=== Information provided ===

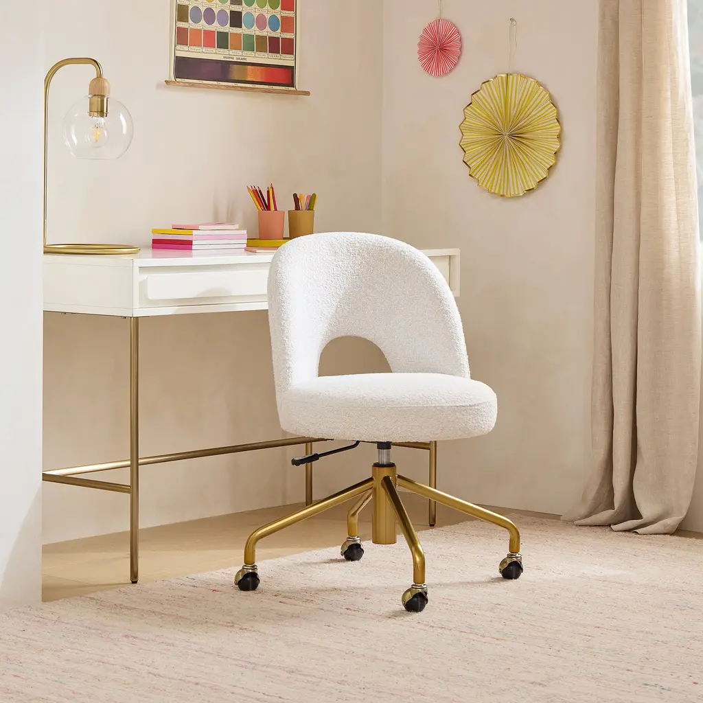 A cutout back and round silhouette for a modern look. Smoothly glides on four caster wheels. Durably built with a plush seat.
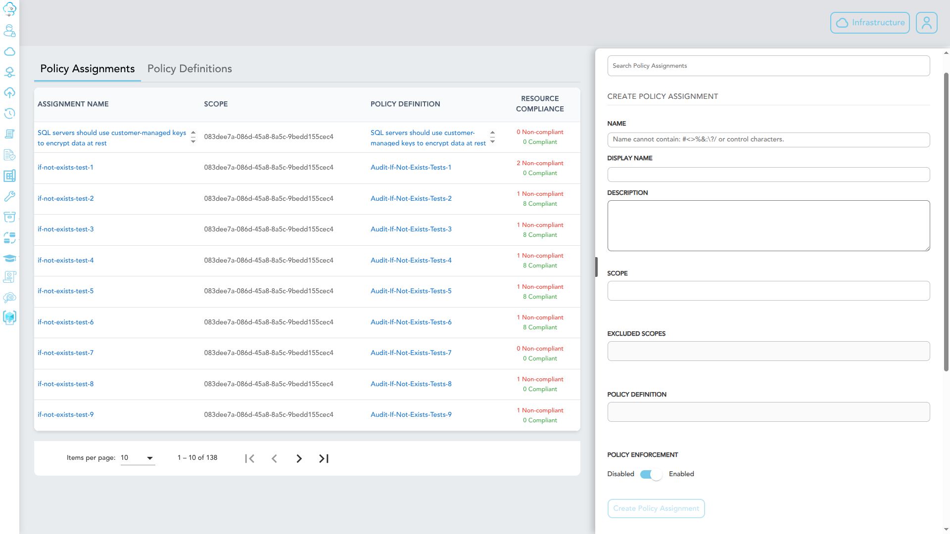 Generate Azure policies automatically with intelligent rule builders — no JSON authoring required. Inspect existing policies across your entire tenant, identify which resources are triggering compliance violations, and remediate directly from a single dashboard. Full visibility into your policy landscape from creation to enforcement.
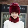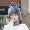 New Women's Rex Rabbit Hair Hat Winter Thickened Warm Fashion Versatile Elastic Fur Woven Hand Sewn Knitted Hat
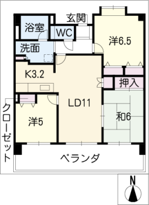 敷 金1.00ヶ月 / 償 却1.00ヶ月間取り 3LDK / 65.28入居日 即 可
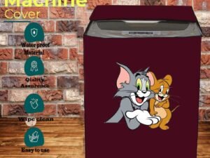 KVAR water dust Protection washing machine cover for LG 7 kg 5 Star Semi-Automatic Top Load (Wind Jet Dry Technology, P7010RRAZ.ABGQEIL) Maroon colour with print
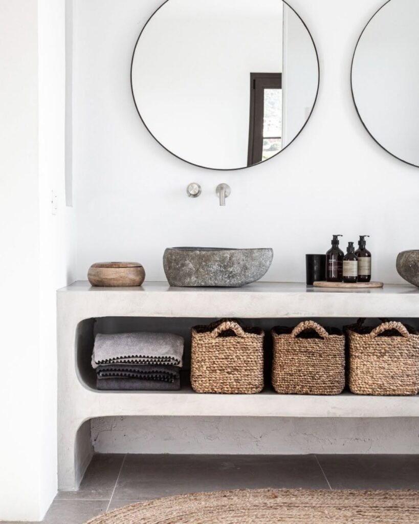 The magic here is texture layering. Smooth concrete, rough stone, soft textiles, woven fibers. When color is minimal, texture becomes the personality—and this space fully understands the assignment. Even the round mirrors soften the structure just enough.

===

### Assignment
An exact copy of the entries above is required; pictures are not part of it.

### Answer for this exercise
 A cutout back and round silhouette for a modern look. Smoothly glides on four caster wheels. Durably built with a plush seat.
 Generate Azure policies automatically with intelligent rule builders — no JSON authoring required. Inspect existing policies across your entire tenant, identify which resources are triggering compliance violations, and remediate directly from a single dashboard. Full visibility into your policy landscape from creation to enforcement.
 New Women's Rex Rabbit Hair Hat Winter Thickened Warm Fashion Versatile Elastic Fur Woven Hand Sewn Knitted Hat
 敷 金1.00ヶ月 / 償 却1.00ヶ月間取り 3LDK / 65.28入居日 即 可
 KVAR water dust Protection washing machine cover for LG 7 kg 5 Star Semi-Automatic Top Load (Wind Jet Dry Technology, P7010RRAZ.ABGQEIL) Maroon colour with print
 The magic here is texture layering. Smooth concrete, rough stone, soft textiles, woven fibers. When color is minimal, texture becomes the personality—and this space fully understands the assignment. Even the round mirrors soften the structure just enough.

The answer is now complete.